Given records:
_ _ _

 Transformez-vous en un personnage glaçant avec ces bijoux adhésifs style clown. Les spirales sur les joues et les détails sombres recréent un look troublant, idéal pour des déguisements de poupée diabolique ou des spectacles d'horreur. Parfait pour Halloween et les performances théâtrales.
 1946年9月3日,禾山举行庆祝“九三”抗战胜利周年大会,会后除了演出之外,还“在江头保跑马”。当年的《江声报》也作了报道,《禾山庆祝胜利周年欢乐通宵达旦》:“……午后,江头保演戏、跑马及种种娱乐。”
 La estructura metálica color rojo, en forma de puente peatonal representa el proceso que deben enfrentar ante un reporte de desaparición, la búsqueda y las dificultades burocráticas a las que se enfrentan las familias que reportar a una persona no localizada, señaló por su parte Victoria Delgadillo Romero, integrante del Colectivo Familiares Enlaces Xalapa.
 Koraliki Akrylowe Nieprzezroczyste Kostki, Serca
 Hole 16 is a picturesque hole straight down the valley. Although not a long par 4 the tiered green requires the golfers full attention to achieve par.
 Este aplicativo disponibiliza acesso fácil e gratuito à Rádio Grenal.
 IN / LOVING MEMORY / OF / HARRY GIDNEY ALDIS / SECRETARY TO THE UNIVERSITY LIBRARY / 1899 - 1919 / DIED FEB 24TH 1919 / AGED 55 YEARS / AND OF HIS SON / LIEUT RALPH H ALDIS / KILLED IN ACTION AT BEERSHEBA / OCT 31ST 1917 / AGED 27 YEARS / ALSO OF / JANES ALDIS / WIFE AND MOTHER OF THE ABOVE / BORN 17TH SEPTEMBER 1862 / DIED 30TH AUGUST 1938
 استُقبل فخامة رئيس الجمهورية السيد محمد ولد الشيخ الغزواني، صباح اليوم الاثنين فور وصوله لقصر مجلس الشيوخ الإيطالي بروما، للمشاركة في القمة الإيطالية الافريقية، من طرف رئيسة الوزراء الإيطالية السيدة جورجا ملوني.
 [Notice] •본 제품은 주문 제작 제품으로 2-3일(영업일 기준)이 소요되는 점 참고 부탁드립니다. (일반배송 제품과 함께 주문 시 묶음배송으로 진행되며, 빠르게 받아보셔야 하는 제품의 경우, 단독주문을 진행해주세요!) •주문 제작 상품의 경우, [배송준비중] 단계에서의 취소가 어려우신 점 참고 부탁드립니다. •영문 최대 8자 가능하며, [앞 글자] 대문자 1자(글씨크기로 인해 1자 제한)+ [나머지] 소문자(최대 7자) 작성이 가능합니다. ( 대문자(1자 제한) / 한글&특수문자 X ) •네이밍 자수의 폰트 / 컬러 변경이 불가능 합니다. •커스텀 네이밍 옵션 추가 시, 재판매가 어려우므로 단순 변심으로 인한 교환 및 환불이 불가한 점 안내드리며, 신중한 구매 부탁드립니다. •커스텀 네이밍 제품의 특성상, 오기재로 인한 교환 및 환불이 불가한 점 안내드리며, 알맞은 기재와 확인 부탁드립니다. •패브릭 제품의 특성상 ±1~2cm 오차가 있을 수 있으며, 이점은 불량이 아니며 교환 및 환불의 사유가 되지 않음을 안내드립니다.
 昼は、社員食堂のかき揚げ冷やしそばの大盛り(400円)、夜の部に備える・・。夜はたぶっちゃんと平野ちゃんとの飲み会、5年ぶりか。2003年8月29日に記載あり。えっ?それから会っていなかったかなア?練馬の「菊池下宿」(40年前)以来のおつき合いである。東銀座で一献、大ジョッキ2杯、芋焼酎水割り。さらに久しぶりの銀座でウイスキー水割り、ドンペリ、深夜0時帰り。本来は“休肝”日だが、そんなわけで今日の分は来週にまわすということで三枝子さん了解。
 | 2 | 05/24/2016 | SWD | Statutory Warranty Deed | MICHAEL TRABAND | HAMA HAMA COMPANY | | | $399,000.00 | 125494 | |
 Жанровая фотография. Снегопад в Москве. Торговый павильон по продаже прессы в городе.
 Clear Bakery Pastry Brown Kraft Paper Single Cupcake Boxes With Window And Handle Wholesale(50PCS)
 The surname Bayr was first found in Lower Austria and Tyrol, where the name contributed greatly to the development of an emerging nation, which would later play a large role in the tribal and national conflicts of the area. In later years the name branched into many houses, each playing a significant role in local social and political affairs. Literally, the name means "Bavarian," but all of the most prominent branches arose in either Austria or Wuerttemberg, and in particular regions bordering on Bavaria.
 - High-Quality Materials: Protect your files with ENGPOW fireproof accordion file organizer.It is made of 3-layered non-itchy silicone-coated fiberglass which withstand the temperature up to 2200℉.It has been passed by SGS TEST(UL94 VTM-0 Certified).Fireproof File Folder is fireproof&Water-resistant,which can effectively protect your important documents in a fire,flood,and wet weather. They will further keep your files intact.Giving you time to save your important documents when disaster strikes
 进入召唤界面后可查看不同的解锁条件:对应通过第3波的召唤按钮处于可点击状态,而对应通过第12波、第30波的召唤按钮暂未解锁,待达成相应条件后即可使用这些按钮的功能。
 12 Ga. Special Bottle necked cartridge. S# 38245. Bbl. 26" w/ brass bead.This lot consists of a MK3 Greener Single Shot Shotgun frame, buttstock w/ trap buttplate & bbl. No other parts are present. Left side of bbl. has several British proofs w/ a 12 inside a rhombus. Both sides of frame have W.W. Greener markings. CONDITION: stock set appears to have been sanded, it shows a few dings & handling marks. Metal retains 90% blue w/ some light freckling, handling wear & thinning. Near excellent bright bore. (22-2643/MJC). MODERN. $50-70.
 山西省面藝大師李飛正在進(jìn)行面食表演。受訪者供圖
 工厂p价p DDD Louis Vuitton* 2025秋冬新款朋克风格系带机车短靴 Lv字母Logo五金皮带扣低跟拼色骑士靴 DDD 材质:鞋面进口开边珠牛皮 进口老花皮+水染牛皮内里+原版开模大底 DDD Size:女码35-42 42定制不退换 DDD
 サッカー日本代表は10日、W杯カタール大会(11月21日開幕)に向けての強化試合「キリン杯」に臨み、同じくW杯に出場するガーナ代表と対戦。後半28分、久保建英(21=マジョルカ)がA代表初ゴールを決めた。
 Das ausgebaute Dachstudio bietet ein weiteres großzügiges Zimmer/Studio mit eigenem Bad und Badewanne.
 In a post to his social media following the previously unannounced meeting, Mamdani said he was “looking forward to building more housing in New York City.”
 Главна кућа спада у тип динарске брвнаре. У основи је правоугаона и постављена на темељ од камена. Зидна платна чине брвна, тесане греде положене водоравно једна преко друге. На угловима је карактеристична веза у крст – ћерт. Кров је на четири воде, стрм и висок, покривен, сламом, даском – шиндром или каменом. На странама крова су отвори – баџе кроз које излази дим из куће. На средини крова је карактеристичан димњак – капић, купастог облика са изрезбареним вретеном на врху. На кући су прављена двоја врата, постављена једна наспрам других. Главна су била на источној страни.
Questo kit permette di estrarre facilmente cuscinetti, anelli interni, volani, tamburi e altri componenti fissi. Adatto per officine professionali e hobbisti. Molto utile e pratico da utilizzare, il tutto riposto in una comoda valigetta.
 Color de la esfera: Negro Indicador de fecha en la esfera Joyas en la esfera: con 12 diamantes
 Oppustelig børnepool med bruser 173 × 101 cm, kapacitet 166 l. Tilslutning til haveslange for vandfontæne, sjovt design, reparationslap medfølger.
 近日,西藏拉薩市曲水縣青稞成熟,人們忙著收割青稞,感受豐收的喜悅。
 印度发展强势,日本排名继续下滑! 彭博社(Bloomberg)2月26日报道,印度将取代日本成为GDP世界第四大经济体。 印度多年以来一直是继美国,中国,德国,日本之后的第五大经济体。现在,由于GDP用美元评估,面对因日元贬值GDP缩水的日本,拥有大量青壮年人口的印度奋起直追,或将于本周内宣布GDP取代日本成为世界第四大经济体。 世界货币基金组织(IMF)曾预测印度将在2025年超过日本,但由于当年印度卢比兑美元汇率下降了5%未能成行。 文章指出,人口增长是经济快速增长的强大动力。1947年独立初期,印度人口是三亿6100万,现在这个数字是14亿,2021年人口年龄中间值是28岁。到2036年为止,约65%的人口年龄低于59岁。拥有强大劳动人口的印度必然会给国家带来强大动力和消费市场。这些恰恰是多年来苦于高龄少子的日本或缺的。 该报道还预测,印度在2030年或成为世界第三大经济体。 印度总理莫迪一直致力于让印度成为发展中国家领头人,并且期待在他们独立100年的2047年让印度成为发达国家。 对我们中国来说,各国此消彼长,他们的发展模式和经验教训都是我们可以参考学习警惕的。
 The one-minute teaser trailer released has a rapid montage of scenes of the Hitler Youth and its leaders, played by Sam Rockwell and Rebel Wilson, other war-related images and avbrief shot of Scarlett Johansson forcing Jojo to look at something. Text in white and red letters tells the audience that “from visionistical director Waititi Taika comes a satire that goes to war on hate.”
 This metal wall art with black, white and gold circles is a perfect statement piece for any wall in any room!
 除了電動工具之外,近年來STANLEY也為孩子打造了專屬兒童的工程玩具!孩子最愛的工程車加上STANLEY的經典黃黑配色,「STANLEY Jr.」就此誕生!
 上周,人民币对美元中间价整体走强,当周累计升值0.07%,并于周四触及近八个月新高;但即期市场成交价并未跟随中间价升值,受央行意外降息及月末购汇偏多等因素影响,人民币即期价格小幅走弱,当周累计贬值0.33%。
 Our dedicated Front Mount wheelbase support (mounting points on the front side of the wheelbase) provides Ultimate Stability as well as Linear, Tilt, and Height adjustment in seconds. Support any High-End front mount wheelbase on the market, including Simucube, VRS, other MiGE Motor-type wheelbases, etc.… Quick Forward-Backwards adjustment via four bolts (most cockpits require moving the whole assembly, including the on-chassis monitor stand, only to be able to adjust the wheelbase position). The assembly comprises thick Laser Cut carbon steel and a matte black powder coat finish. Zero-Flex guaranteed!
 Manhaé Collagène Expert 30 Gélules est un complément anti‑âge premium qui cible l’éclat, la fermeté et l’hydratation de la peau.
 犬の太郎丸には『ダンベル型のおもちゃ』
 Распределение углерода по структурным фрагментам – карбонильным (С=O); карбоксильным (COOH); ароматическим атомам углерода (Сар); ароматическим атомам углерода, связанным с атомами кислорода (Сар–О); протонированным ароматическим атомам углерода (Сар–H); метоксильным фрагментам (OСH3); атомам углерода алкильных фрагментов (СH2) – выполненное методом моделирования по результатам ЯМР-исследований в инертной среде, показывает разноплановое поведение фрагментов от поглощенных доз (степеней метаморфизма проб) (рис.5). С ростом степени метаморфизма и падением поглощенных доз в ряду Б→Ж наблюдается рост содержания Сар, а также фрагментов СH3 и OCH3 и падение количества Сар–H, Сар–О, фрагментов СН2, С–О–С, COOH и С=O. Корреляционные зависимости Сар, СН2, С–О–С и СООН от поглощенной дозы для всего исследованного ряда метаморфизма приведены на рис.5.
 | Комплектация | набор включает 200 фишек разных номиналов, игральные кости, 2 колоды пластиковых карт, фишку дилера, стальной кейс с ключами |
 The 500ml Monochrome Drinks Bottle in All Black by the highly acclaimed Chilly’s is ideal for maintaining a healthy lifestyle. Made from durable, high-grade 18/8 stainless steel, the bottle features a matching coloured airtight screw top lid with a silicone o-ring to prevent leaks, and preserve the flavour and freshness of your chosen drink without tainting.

_ _ _

Task brief: Taking the records above, retype every line from the one with "استُقبل فخامة رئيس" down to the one with "- High-Quality Materials: Protect", exactly and with nothing else.

Response area:
 استُقبل فخامة رئيس الجمهورية السيد محمد ولد الشيخ الغزواني، صباح اليوم الاثنين فور وصوله لقصر مجلس الشيوخ الإيطالي بروما، للمشاركة في القمة الإيطالية الافريقية، من طرف رئيسة الوزراء الإيطالية السيدة جورجا ملوني.
 [Notice] •본 제품은 주문 제작 제품으로 2-3일(영업일 기준)이 소요되는 점 참고 부탁드립니다. (일반배송 제품과 함께 주문 시 묶음배송으로 진행되며, 빠르게 받아보셔야 하는 제품의 경우, 단독주문을 진행해주세요!) •주문 제작 상품의 경우, [배송준비중] 단계에서의 취소가 어려우신 점 참고 부탁드립니다. •영문 최대 8자 가능하며, [앞 글자] 대문자 1자(글씨크기로 인해 1자 제한)+ [나머지] 소문자(최대 7자) 작성이 가능합니다. ( 대문자(1자 제한) / 한글&특수문자 X ) •네이밍 자수의 폰트 / 컬러 변경이 불가능 합니다. •커스텀 네이밍 옵션 추가 시, 재판매가 어려우므로 단순 변심으로 인한 교환 및 환불이 불가한 점 안내드리며, 신중한 구매 부탁드립니다. •커스텀 네이밍 제품의 특성상, 오기재로 인한 교환 및 환불이 불가한 점 안내드리며, 알맞은 기재와 확인 부탁드립니다. •패브릭 제품의 특성상 ±1~2cm 오차가 있을 수 있으며, 이점은 불량이 아니며 교환 및 환불의 사유가 되지 않음을 안내드립니다.
 昼は、社員食堂のかき揚げ冷やしそばの大盛り(400円)、夜の部に備える・・。夜はたぶっちゃんと平野ちゃんとの飲み会、5年ぶりか。2003年8月29日に記載あり。えっ?それから会っていなかったかなア?練馬の「菊池下宿」(40年前)以来のおつき合いである。東銀座で一献、大ジョッキ2杯、芋焼酎水割り。さらに久しぶりの銀座でウイスキー水割り、ドンペリ、深夜0時帰り。本来は“休肝”日だが、そんなわけで今日の分は来週にまわすということで三枝子さん了解。
 | 2 | 05/24/2016 | SWD | Statutory Warranty Deed | MICHAEL TRABAND | HAMA HAMA COMPANY | | | $399,000.00 | 125494 | |
 Жанровая фотография. Снегопад в Москве. Торговый павильон по продаже прессы в городе.
 Clear Bakery Pastry Brown Kraft Paper Single Cupcake Boxes With Window And Handle Wholesale(50PCS)
 The surname Bayr was first found in Lower Austria and Tyrol, where the name contributed greatly to the development of an emerging nation, which would later play a large role in the tribal and national conflicts of the area. In later years the name branched into many houses, each playing a significant role in local social and political affairs. Literally, the name means "Bavarian," but all of the most prominent branches arose in either Austria or Wuerttemberg, and in particular regions bordering on Bavaria.
 - High-Quality Materials: Protect your files with ENGPOW fireproof accordion file organizer.It is made of 3-layered non-itchy silicone-coated fiberglass which withstand the temperature up to 2200℉.It has been passed by SGS TEST(UL94 VTM-0 Certified).Fireproof File Folder is fireproof&Water-resistant,which can effectively protect your important documents in a fire,flood,and wet weather. They will further keep your files intact.Giving you time to save your important documents when disaster strikes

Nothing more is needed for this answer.